§ Available data
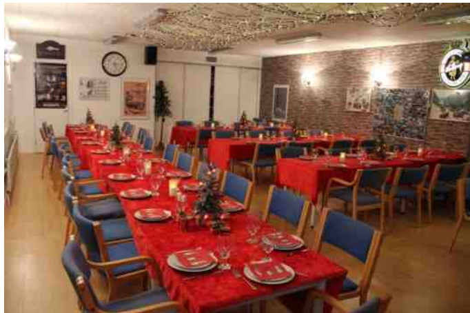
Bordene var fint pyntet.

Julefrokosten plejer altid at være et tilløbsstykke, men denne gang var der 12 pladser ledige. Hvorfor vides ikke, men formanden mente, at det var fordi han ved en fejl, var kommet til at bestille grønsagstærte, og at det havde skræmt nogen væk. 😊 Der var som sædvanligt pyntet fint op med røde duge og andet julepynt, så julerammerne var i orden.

--

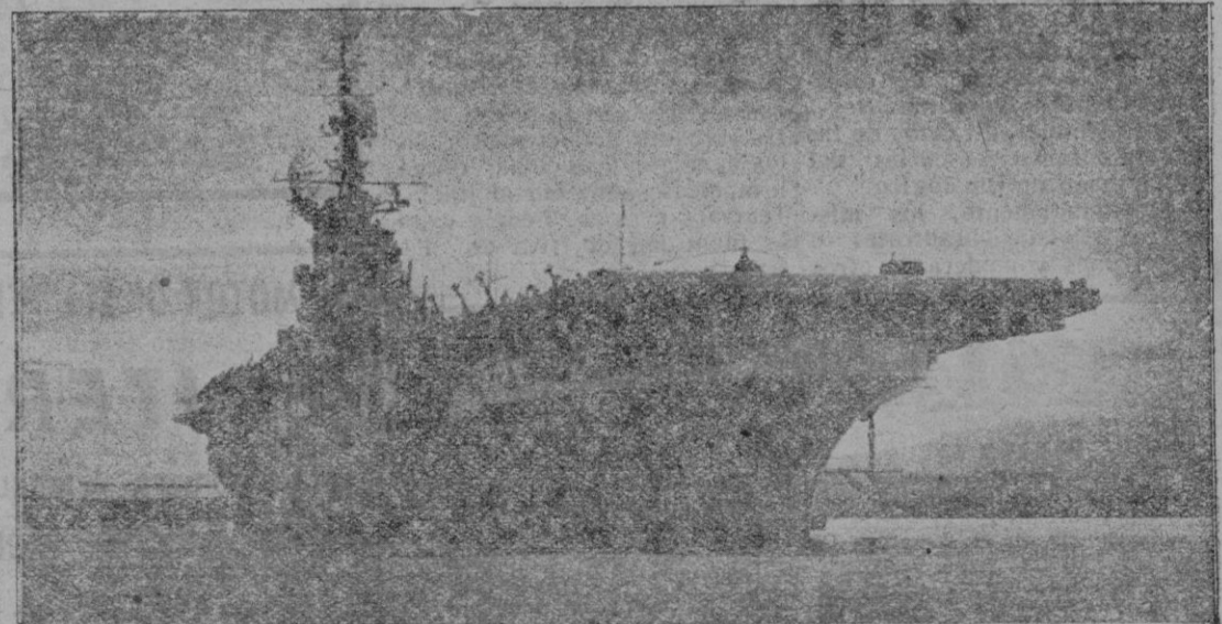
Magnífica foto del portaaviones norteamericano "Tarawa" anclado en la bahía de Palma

§ Goal of the exercise
Nothing should appear in the answer except the lines above from the line with "Bordene var fint pyntet." through the line with "Julefrokosten plejer altid", both included, written out exactly.

§ Response for this exercise
Bordene var fint pyntet.

Julefrokosten plejer altid at være et tilløbsstykke, men denne gang var der 12 pladser ledige. Hvorfor vides ikke, men formanden mente, at det var fordi han ved en fejl, var kommet til at bestille grønsagstærte, og at det havde skræmt nogen væk. 😊 Der var som sædvanligt pyntet fint op med røde duge og andet julepynt, så julerammerne var i orden.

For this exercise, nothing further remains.